До конца года мы планируем 50 кубитов достичь на атомной платформе. И, возможно, покажем еще один альтернативный компьютер на ионной платформе, тоже 50 кубитов. То есть, если все будет хорошо, в России в конце года будет три квантовых вычислителя на 50 кубитов, а может, даже больше.
Теперь отвечу на вопрос, чем они отличаются. С одной стороны, универсальные квантовые компьютеры, не должны отличаться с точки зрения исполнения алгоритмов, на то они и универсальные. Но, чтобы хорошо решать конкретную задачу, необходимо одновременно иметь и много кубитов, и хорошее качество выполнения операций, то есть точность. Когда мы сравниваем разные платформы между собой, оказывается, что они имеют разные точности, а преимущества той или иной проявляются в зависимости от конкретного типа задач. Поэтому улучшение качества платформ – также одна из ключевых задач, которая сейчас стоит перед нами.
– Почему мы говорим, что создание 50-кубитного квантового компьютера – это действительно большой успех для нашей страны? Что именно позволяет нам так утверждать?
– Когда мы запускали дорожную карту с горизонтом до 2024 года, мы планировали достичь рубежа в 50 или, может быть, чуть большего количества кубитов. И этот рубеж достигнут. Пятьдесят кубитов – это, как говорится, психологически важная отметка. То, что это является прорывом для России, понятно уже из того, что начинали мы с двух кубитов, а в мире в то время было уже более 50 кубитов. И в этом смысле мы присоединились к клубу стран, которые успешно развивают квантовые вычисления.
– А как бы вы объяснили, почему нашим специалистам удалось так быстро достичь этого результата, особенно с учетом внешних вызовов, которые накладывают свои ограничения?

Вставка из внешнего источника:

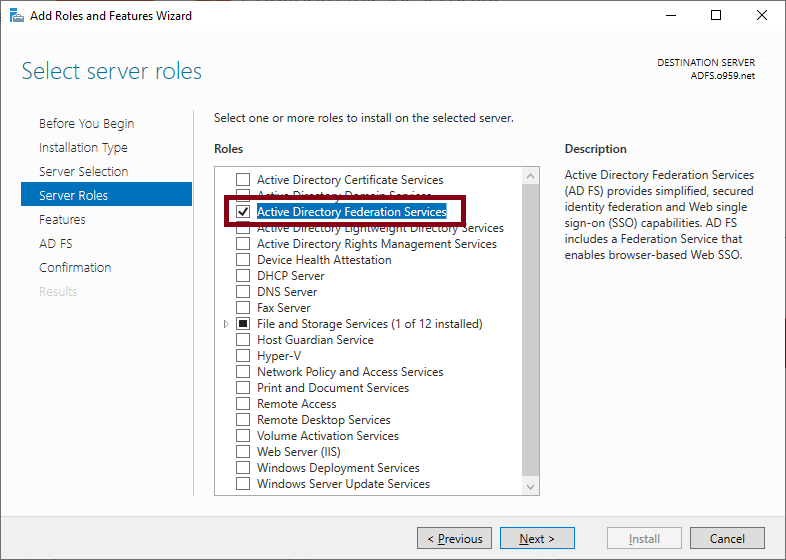 서버 관리자에서 - ADFS 기능을 선택하고 설치 해주세요
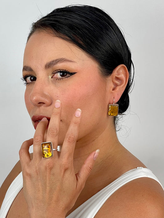 Anillo Rombo Ambar Ajustable
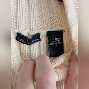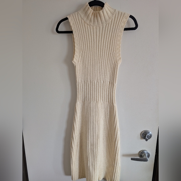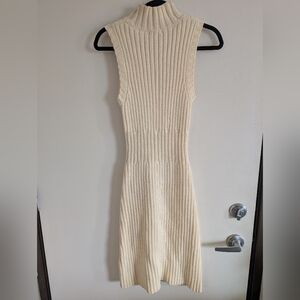 Cream ribbed knit dress. Sleeveless design with slight turtleneck.

– Да, внешние факторы последние два с лишним года точно не способствуют быстрому развитию квантовых технологий. Нам извне активно препятствуют, не хотят, чтобы мы развивали свои технологии, в том числе и квантовые. Но у нас есть поистине мощнейшие и при этом связанные между собой конкурентные преимущества. Первое – это советская школа квантовой физики, которая, конечно, была исключительно сильна. Она была одной из двух лучших в мире долгие годы. И сейчас, если посмотреть не только на тех, кто работает в России, но и добавить к ним русскоговорящую диаспору по всему миру, мы увидим, что российская школа квантовой физики по-прежнему очень сильна. Очень многие успехи мирового уровня в квантовой физике обеспечены нашими соотечественниками. Это та база, которая позволяет быстро двигаться.
Вторая важная составляющая – это наши молодые ребята, выпускники наших ведущих вузов. Они, без всяких скидок, – специалисты мирового уровня. Я вижу, что за последние десять лет уровень образования в области физики в России стал намного выше. Основными драйверами успеха по многим направлениям разработки были именно молодые ребята.
– Но свои таланты на практике ребята могут реализовать при наличии необходимой научной инфраструктуры.
– Безусловно. И здесь тоже у нас в последние десять лет стало значительно лучше. Государство осуществило большие инвестиции в научную инфраструктуру. И вот эта база – первоклассная научная школа и высокий уровень выпускников вузов и молодых ученых, плюс созданная инфраструктура – позволила сделать быстрый рывок.
– А какие следующие шаги будут сделаны в квантовом проекте? Что, в частности, намечено на 2025 год? И что далее предстоит делать в рамках дорожной карты, помимо повышения производительности ионных квантовых вычислителей?
– Если говорить про новую дорожную карту, с горизонтом до 2030 года, то, с одной стороны, мы, конечно же, будем продолжать увеличивать количество кубитов. Это необходимо, чтобы достичь уровня вычислений, который позволит обогнать классический суперкомпьютер на полезных задачах.
И к 2030 году мы как раз хотим показать решение нескольких полезных для экономики задач. Так, чтобы квантовый компьютер победил суперкомпьютер. Но надо понимать, что для этого недостаточно просто увеличивать количество кубитов, нужно радикально улучшить их качество. И эта работа будет проводиться параллельно.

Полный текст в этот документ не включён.